* [What you should do] All that is needed is an exact copy of the lines from the beginning of the data below through the line containing "В Павлодарском высшем", minus the pictures.

* [Data extract]
++++++++++++++++++++

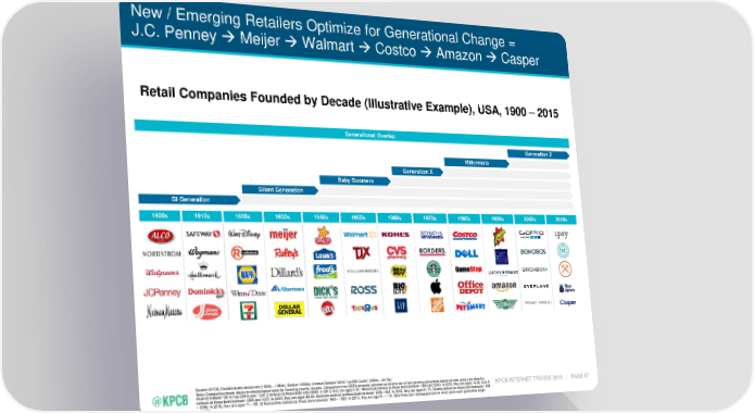 New / Emerging Retailers Optimize for Generational Change = J.C. Penney Meijer Walmart Costco Amazon Casper Retail Companies Founded by Decade (Illustrative Example), USA, 1900 – 2015 Generational Overlap Generation Z Millennials Generation X Baby Boomers Silent Generation GI Generation 1900s 1910s 1920s 1930s 1940s 1950s 1960s 1970s 1980s 1990s 2000s 2010s ` Source: KPCB, Retailindustry.about.com (1900s – 1980s), Ranker (1990s), Internet Retailer “2016 Top 500 Guide” (2000s – 2010s) Note: Companies shown above in chronological order by founding year by decade. Companies from 2000s onwards selected as diverse set of fast-growing companies based on web sales data from the Internet Retailer “2016 Top 500 Guide.” Gen Z defined as those born after 2000. In 2015, they are ages 0-15. Millennials defined as those born between 1980 and 2000. In 2015, they are ages 15-35. Gen X KPCB INTERNET TRENDS 2016 | PAGE 57 defined as those born between 1965 and 1979. In 2015, they are ages 36-50. Boomers defined as those born between 1946-1964. In 2015, they are ages 51-70. Silents defined as those born between 1925 – 1945. In 2015, they are ages 71 – 90. GI Generation defined as those born between 1900 – 1924. In 2015, they are age 91 – 115. Note there are varying opinions on what years each generation begin and end.
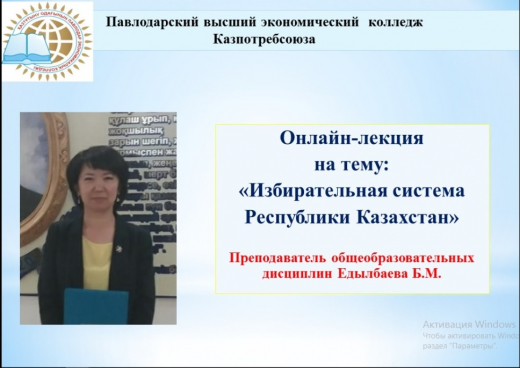 В Павлодарском высшем экономическом колледже Казпотребсоюза для студентов 1 курса организованаонлайн-лекция на тему: «Избирательная система Республики Казахстан».
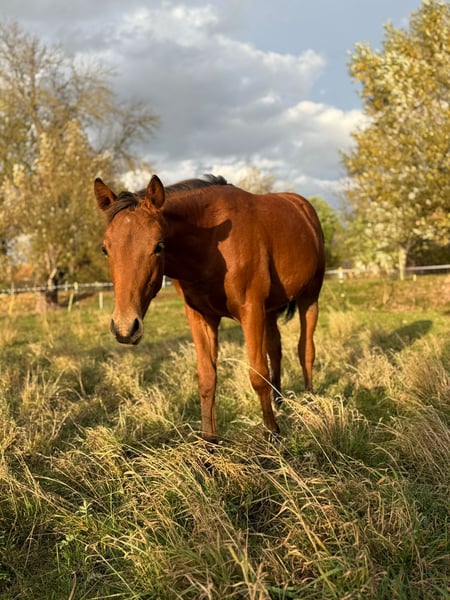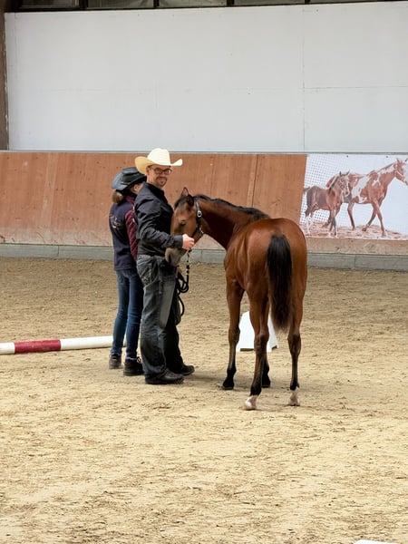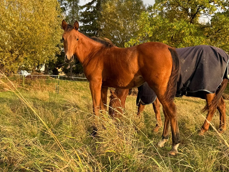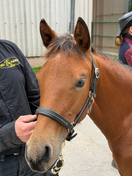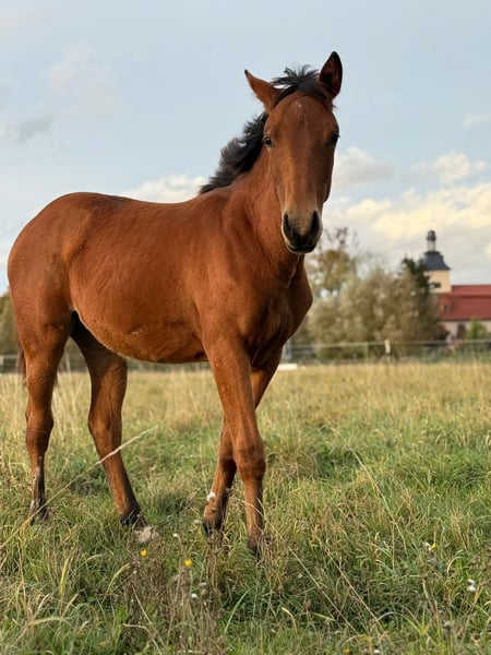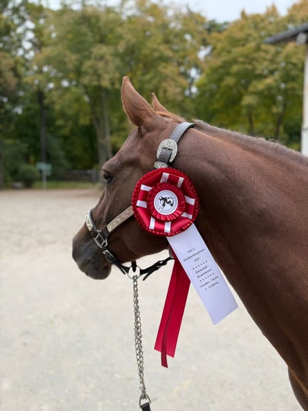 MD Pretty Miss Dunit - eine bildhübsche Quarter Horse/Paint Horse Stute, geboren am 11. März 2025. Sie präsentiert sich in der eleganten Farbe bay (braun) und wird voraussichtlich ein Endmaß von etwa 150 cm erreichen. Margie ist doppelt registriert bei der AQHA und der APHA, ihre Papiere liegen bereits vor. Bei der APHA-Fohlenschau in Könnern wurde sie mit der hervorragenden Wertnote 8,10 als 1a Prämienfohlen ausgezeichnet und belegte in ihrer Klasse den zweiten Platz. Unter insgesamt 18 Fohlen wurde sie zudem als zweitbestes Fohlen der gesamten Schau bewertet - ein Beweis für ihre hohe Qualität und ihr großes Potenzial. Diese junge Stute überzeugt durch ein sehr korrektes Gebäude, eine harmonische Bemuskelung und eine ausgezeichnete Entwicklung. Sie ist rundum gesund, wurde regelmäßig entwurmt, altersentsprechend geimpft und kennt sowohl Tierarzt als auch Hufschmied. Genetisch ist sie bestens abgesichert - sie ist 7-Panel n/n sowie LWO und Splashed White n/n getestet. Besonders auffällig sind ihre partiell blauen Augen, die ihr ein außergewöhnlich schönes und ausdrucksstarkes Erscheinungsbild verleihen. Margie wächst artgerecht im Herdenverband auf und genießt ganztägigen Weidegang. Sie erhält hochwertiges Futter, das optimal auf die Entwicklung von Sehnen, Gelenken und Knochen abgestimmt ist. Im täglichen Umgang zeigt sie sich freundlich, brav und ruhig. Sie ist aufmerksam, menschenbezogen und lernt sehr schnell. Das kleine Fohlen-ABC beherrscht sie bereits sicher, sie ist halfterführig und kennt die grundlegenden Routinen. Auch ihre Abstammung lässt keine Wünsche offen: Margie stammt aus einer erstklassigen Reining-Linie und ist DQHA-Futurity startberechtigt. Sie hat Colonels Smoking Gun/Remenic N Dunit /Arc Sparkle Surprise noch im Papier. Ihre athletischen Grundgangarten und ihre Leistungsbereitschaft lassen schon jetzt erkennen, dass sie sowohl für den Sport als auch für den ambitionierten Freizeitreiter hervorragend geeignet ist. Ob als zukünftiges Showpferd oder als treue Freizeitpartnerin - MD Pretty Miss Dunit vereint ein korrektes Exterieur, sportliches Potenzial und einen Charakter aus Gold. Für diese außergewöhnliche junge Dame wird ein liebevolles 5-Sterne-Zuhause gesucht, gerne mit der Möglichkeit, ihr Talent im Sport weiter zu fördern. Sie ist ab sofort bereit, in ihr neues Zuhause umzuziehen und ihren weiteren Weg mit Menschen zu gehen, die ihre Qualität zu schätzen wissen. NRHA Germany, PHCG Futurity und ins EWU Jungpferdeprogramm einbezahlt.

++++++++++++++++++++

* [Answer section]
 New / Emerging Retailers Optimize for Generational Change = J.C. Penney Meijer Walmart Costco Amazon Casper Retail Companies Founded by Decade (Illustrative Example), USA, 1900 – 2015 Generational Overlap Generation Z Millennials Generation X Baby Boomers Silent Generation GI Generation 1900s 1910s 1920s 1930s 1940s 1950s 1960s 1970s 1980s 1990s 2000s 2010s ` Source: KPCB, Retailindustry.about.com (1900s – 1980s), Ranker (1990s), Internet Retailer “2016 Top 500 Guide” (2000s – 2010s) Note: Companies shown above in chronological order by founding year by decade. Companies from 2000s onwards selected as diverse set of fast-growing companies based on web sales data from the Internet Retailer “2016 Top 500 Guide.” Gen Z defined as those born after 2000. In 2015, they are ages 0-15. Millennials defined as those born between 1980 and 2000. In 2015, they are ages 15-35. Gen X KPCB INTERNET TRENDS 2016 | PAGE 57 defined as those born between 1965 and 1979. In 2015, they are ages 36-50. Boomers defined as those born between 1946-1964. In 2015, they are ages 51-70. Silents defined as those born between 1925 – 1945. In 2015, they are ages 71 – 90. GI Generation defined as those born between 1900 – 1924. In 2015, they are age 91 – 115. Note there are varying opinions on what years each generation begin and end.
 В Павлодарском высшем экономическом колледже Казпотребсоюза для студентов 1 курса организованаонлайн-лекция на тему: «Избирательная система Республики Казахстан».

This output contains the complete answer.